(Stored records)

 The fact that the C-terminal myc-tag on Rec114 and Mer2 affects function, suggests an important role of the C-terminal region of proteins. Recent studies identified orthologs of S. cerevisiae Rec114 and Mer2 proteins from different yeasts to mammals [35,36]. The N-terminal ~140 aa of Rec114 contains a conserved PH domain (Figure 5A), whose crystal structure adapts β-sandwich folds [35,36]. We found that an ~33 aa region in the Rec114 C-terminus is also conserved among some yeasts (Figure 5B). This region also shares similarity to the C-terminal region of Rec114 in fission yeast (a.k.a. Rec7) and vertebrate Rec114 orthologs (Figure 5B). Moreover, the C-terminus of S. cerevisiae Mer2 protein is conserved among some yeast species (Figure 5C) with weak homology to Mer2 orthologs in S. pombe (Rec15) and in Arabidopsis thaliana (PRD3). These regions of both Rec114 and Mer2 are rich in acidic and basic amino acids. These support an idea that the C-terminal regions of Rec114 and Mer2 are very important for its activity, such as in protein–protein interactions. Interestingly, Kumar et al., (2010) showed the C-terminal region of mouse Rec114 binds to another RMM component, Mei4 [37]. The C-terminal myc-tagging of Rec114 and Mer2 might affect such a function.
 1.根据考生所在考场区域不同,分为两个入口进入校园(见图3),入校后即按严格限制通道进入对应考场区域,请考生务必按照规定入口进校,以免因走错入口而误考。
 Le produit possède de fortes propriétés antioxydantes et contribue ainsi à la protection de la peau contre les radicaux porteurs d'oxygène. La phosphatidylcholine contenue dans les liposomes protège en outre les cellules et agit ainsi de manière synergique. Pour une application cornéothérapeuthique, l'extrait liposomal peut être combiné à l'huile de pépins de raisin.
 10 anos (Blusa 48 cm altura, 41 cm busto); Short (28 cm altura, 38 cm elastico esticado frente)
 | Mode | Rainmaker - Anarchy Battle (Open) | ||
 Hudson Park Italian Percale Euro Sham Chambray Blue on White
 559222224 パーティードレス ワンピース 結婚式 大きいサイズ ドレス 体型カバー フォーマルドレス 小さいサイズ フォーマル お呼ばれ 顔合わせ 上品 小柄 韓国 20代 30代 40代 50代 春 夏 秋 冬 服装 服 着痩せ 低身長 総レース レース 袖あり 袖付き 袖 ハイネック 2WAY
--
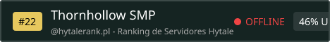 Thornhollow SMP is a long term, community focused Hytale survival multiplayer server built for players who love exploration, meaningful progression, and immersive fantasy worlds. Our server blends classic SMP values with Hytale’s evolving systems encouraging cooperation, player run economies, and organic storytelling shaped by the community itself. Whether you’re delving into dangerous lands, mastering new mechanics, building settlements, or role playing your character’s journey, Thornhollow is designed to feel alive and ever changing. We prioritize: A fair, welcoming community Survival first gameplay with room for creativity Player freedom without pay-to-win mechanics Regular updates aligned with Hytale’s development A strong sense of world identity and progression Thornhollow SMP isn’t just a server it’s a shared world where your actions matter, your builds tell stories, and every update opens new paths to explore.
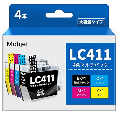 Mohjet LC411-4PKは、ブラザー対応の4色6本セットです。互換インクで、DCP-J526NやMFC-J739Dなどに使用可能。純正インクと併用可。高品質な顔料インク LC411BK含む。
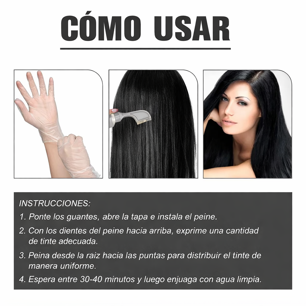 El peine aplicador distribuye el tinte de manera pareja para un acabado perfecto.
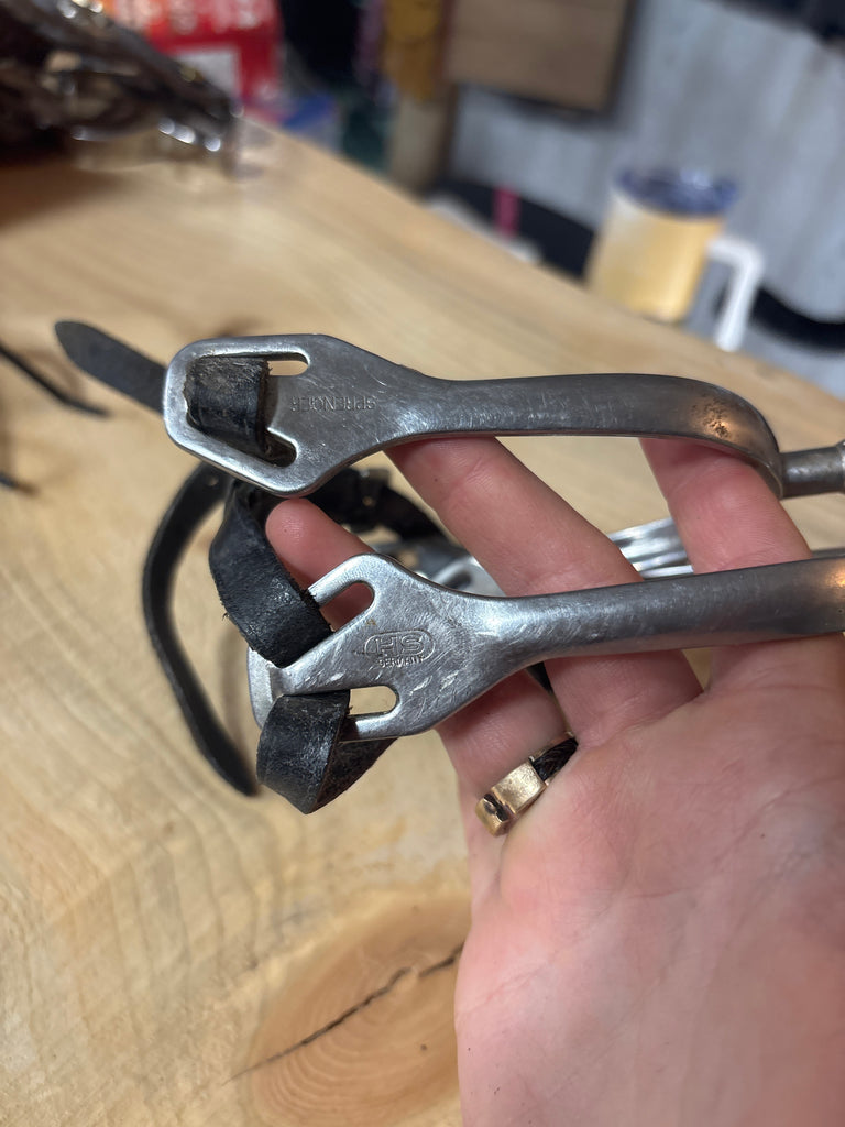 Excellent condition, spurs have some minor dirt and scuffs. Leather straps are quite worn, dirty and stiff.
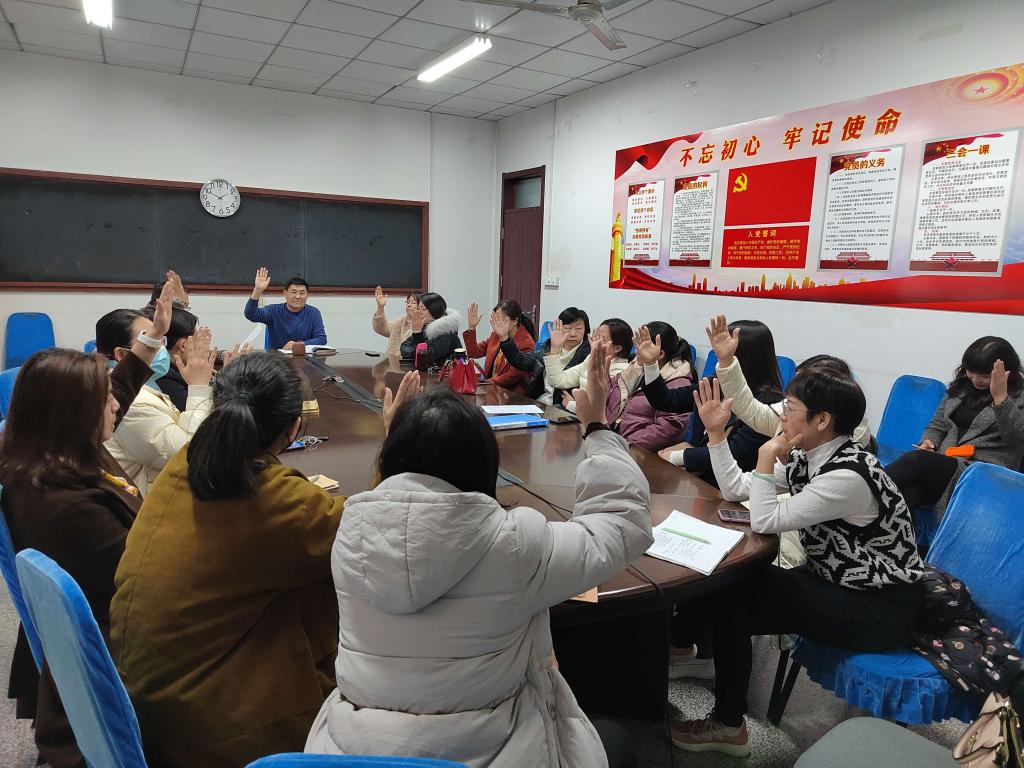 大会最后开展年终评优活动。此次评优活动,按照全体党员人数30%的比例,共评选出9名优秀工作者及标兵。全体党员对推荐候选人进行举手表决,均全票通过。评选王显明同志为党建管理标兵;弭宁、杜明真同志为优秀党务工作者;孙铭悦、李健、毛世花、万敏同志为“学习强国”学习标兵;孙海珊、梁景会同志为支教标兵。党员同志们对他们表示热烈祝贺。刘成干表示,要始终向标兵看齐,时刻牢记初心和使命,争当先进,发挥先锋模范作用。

- **Brief**
Please reproduce, exactly as they appear above, the lines from the line containing "Le produit possède" up to and including the line containing "Hudson Park Italian".

- **The completed task**
 Le produit possède de fortes propriétés antioxydantes et contribue ainsi à la protection de la peau contre les radicaux porteurs d'oxygène. La phosphatidylcholine contenue dans les liposomes protège en outre les cellules et agit ainsi de manière synergique. Pour une application cornéothérapeuthique, l'extrait liposomal peut être combiné à l'huile de pépins de raisin.
 10 anos (Blusa 48 cm altura, 41 cm busto); Short (28 cm altura, 38 cm elastico esticado frente)
 | Mode | Rainmaker - Anarchy Battle (Open) | ||
 Hudson Park Italian Percale Euro Sham Chambray Blue on White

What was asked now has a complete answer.